**Exercise objective**
Each line from the top of the listing through the one holding "Cremehvid t-shirt fra" should be restated word for word, with nothing added and no pictures.

**Material to process**
----
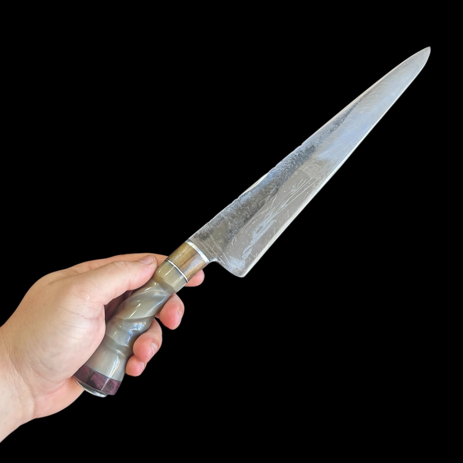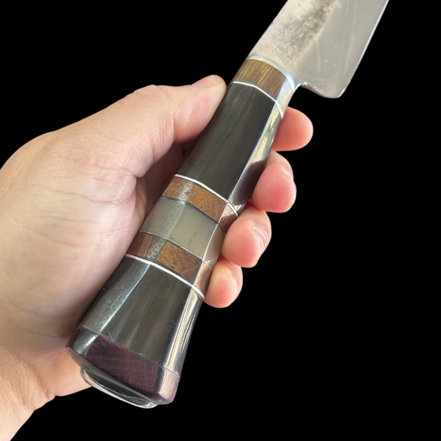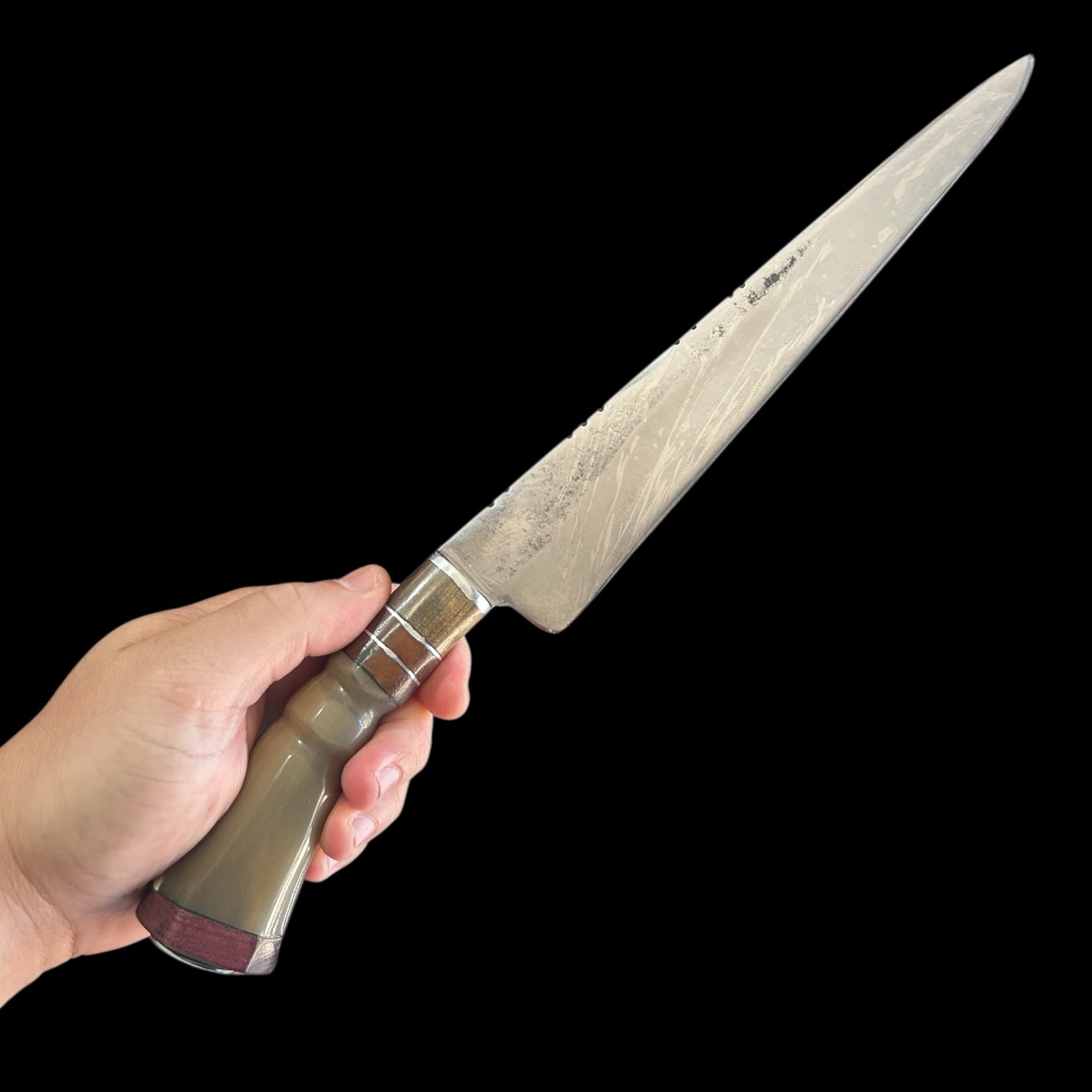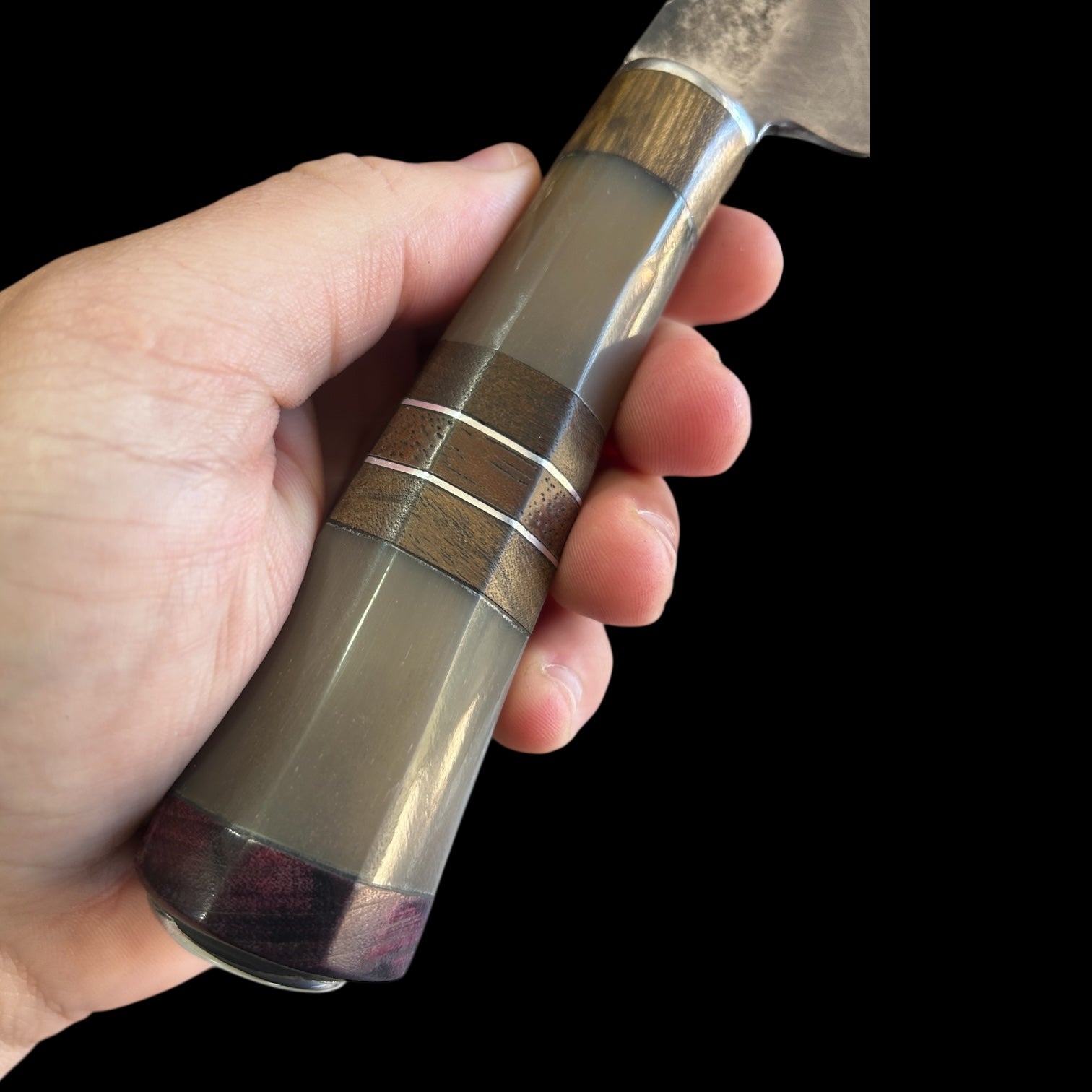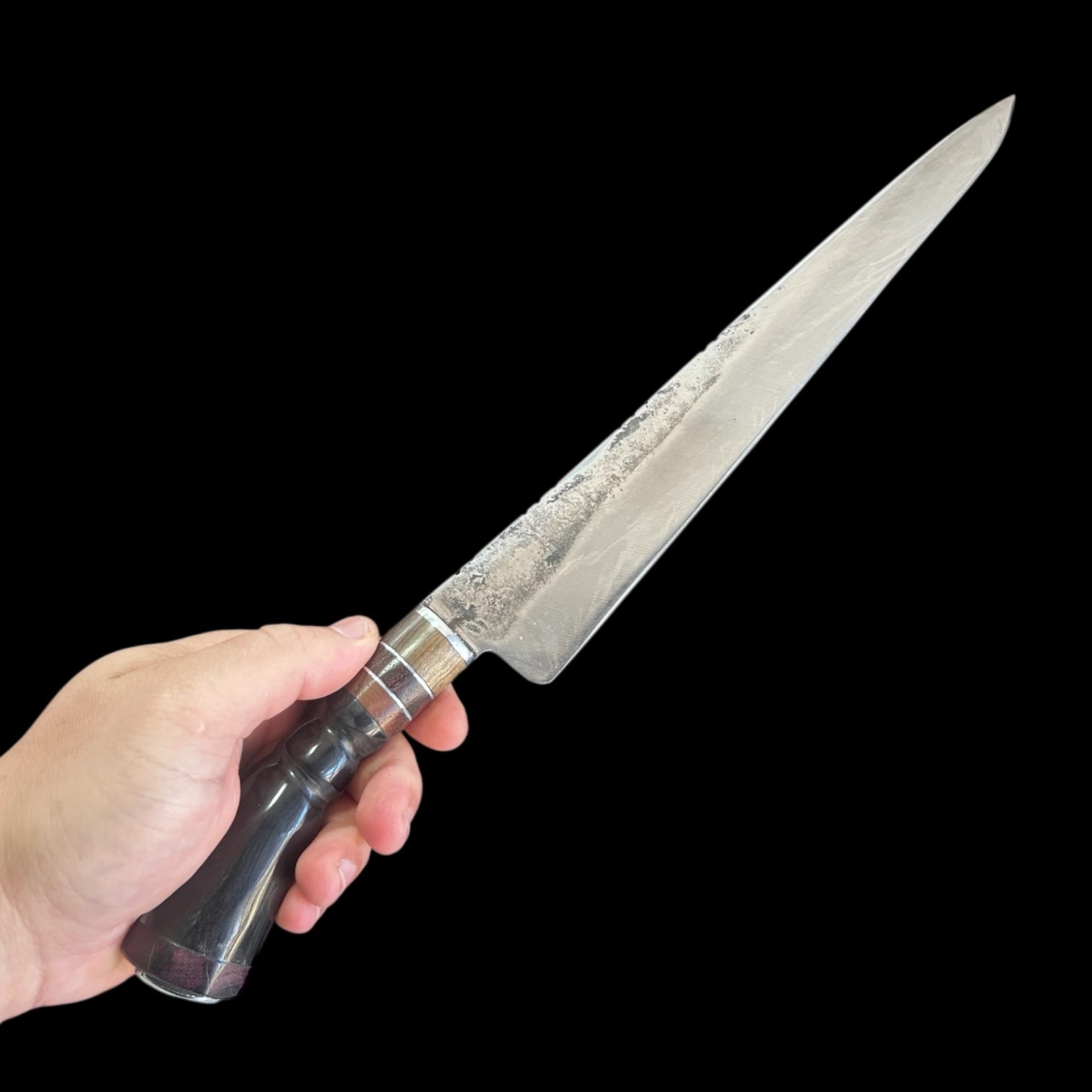 Faca de javali com lâmina confeccionada em disco de arado (aço carbono), guampa bovina ou cabo de osso.
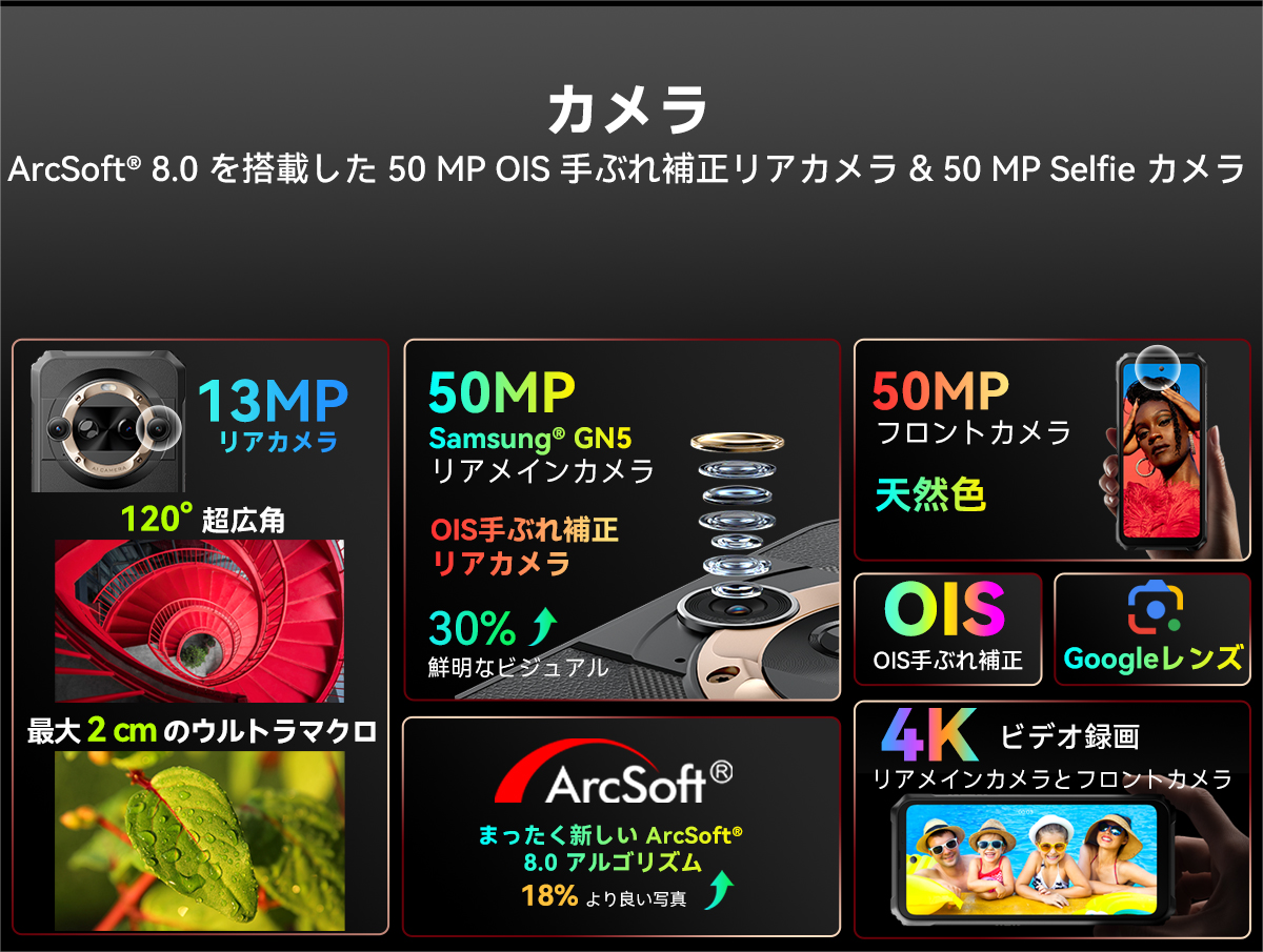 また、TÜV SÜDの低ブルーライト認証を取得しており、ユーザーの目の健康を保護してくれます。カメラに関しては、BL9000 Pro背面のメインカメラは50 MPのSamsung® ISOCELL GN5レンズを搭載し、フロントカメラには革新的な50 MPの高精彩セルフィーレンズを備えています。さらに13 MPの超広角および超マクロレンズも搭載されており、ArcSoft® 8.0アルゴリズムによって強化され、驚くほど明瞭かつ鮮やかな写真を撮影できます。さらに、4K超高解像度のビデオ録画も楽しめます。
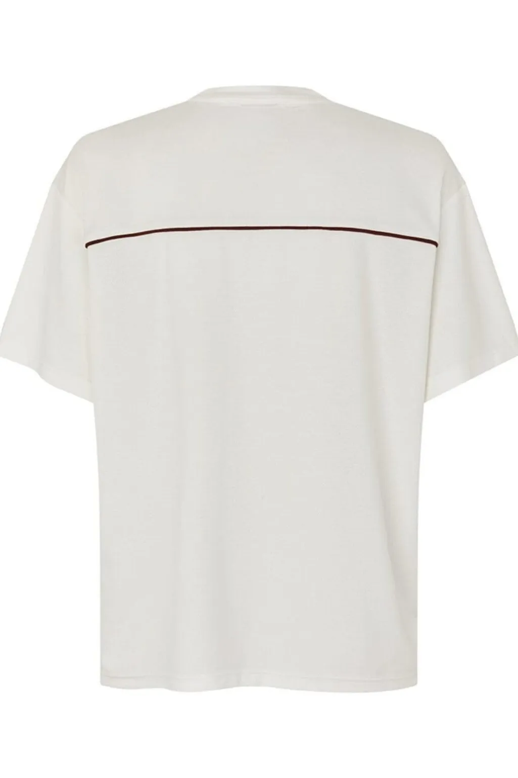 Cremehvid t-shirt fra Modström med sporty design. T-shirten har et stort 04-print på forsiden og bordeauxfarvede pipingdetaljer ved skuldrene og ryggen.
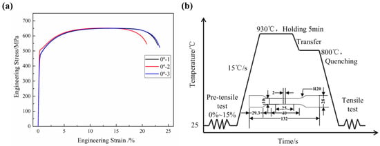 First, the uniaxial tensile test of the blank in the rolling direction (RD) shows that the average elongation is 22.39% (Figure 2a). The specimens experience necking when the elongation is greater than 16%. Secondly, an experimental test system was designed to imitate indirect hot stamping using the RD blank, as shown in Figure 2b. The blanks were first cut into 60 mm wide rectangles and pre-tensiled for different elongations of 0%, 3%, 5%, 8%, 10%, and 15%. This step was similar to the pre-forming stage. The blank underwent different deformations and was represented by different elongations. Then, the tensile specimens were cut in the middle of the pre-tensiled blanks and subjected to the subsequent hot-forming stage. The heat treatment parameters included heating the specimens to 930 °C followed by holding for 5 min to achieve complete austenitization. Then, the specimens were quenched in cold water at 800 °C. Finally, the quenched specimens were subjected to a second uniaxial tensile test to obtain the quenching mechanical properties. Each elongation was tested four times. One specimen was used to cut small samples in the gauge length area with 10 mm × 10 mm for the microstructure characterization and hardness tests, and three specimens were used for the second tensile test to obtain the average quenching mechanical properties.
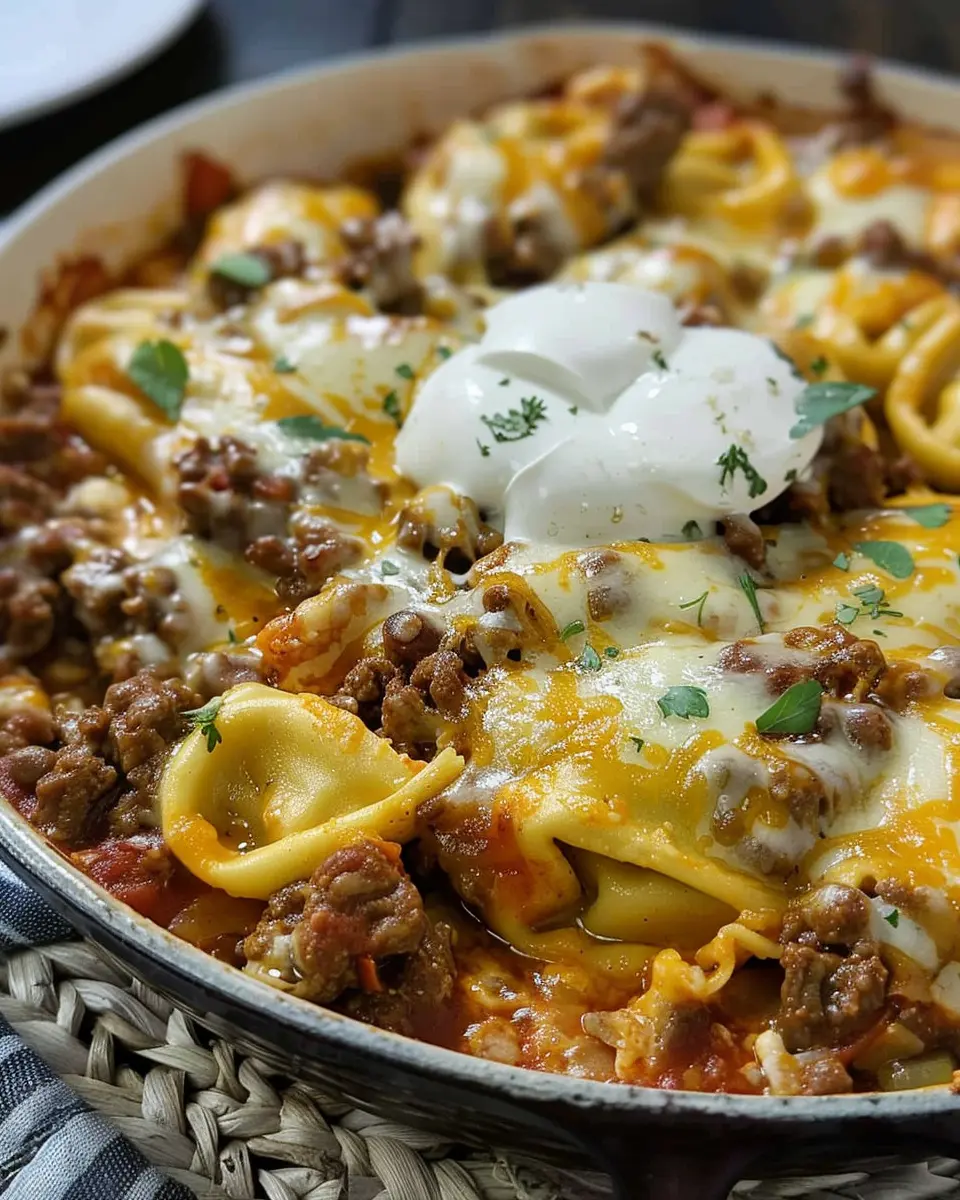 A delicious blend of cheesy beef and tortellini, perfect for comfort food lovers.
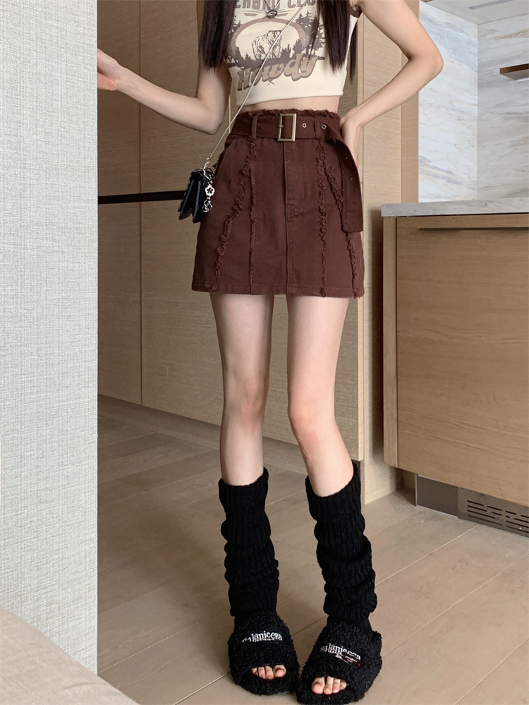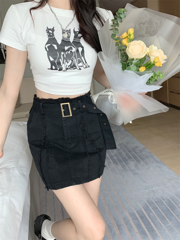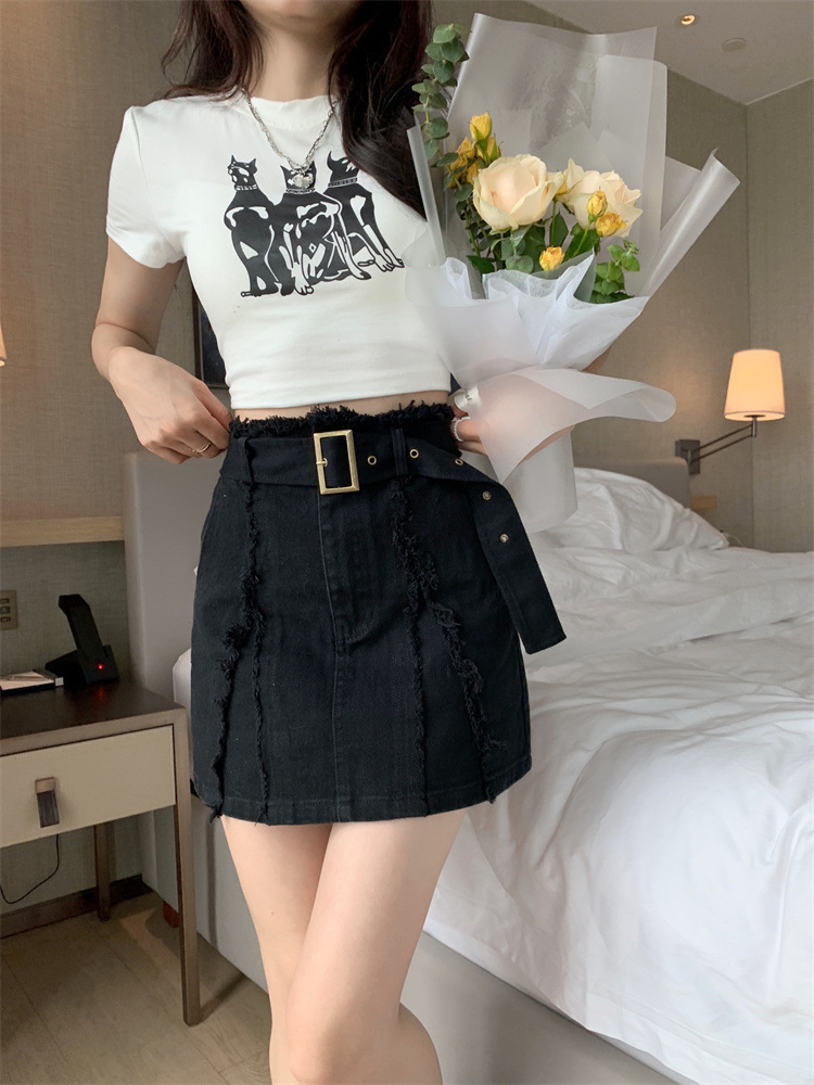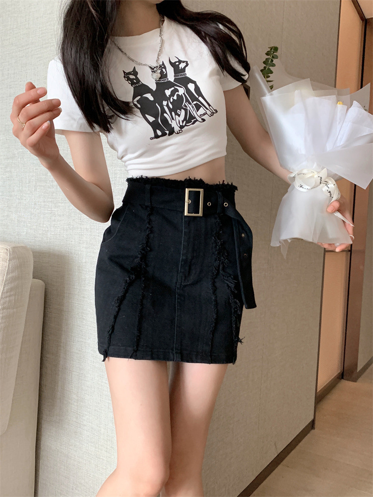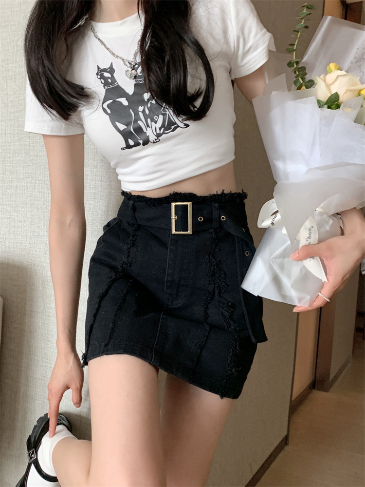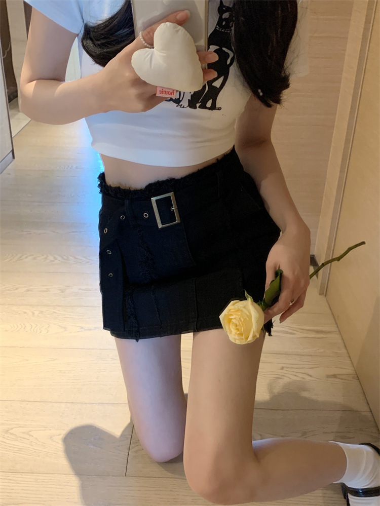 아메리칸 스타일 데님 스커트 여자 2024 여름 새로운 스타일 뜨거운 소녀 높은 허리 블랙 A 라인 스커트 Ins 트렌디
----
**Response area**
 Faca de javali com lâmina confeccionada em disco de arado (aço carbono), guampa bovina ou cabo de osso.
 また、TÜV SÜDの低ブルーライト認証を取得しており、ユーザーの目の健康を保護してくれます。カメラに関しては、BL9000 Pro背面のメインカメラは50 MPのSamsung® ISOCELL GN5レンズを搭載し、フロントカメラには革新的な50 MPの高精彩セルフィーレンズを備えています。さらに13 MPの超広角および超マクロレンズも搭載されており、ArcSoft® 8.0アルゴリズムによって強化され、驚くほど明瞭かつ鮮やかな写真を撮影できます。さらに、4K超高解像度のビデオ録画も楽しめます。
 Cremehvid t-shirt fra Modström med sporty design. T-shirten har et stort 04-print på forsiden og bordeauxfarvede pipingdetaljer ved skuldrene og ryggen.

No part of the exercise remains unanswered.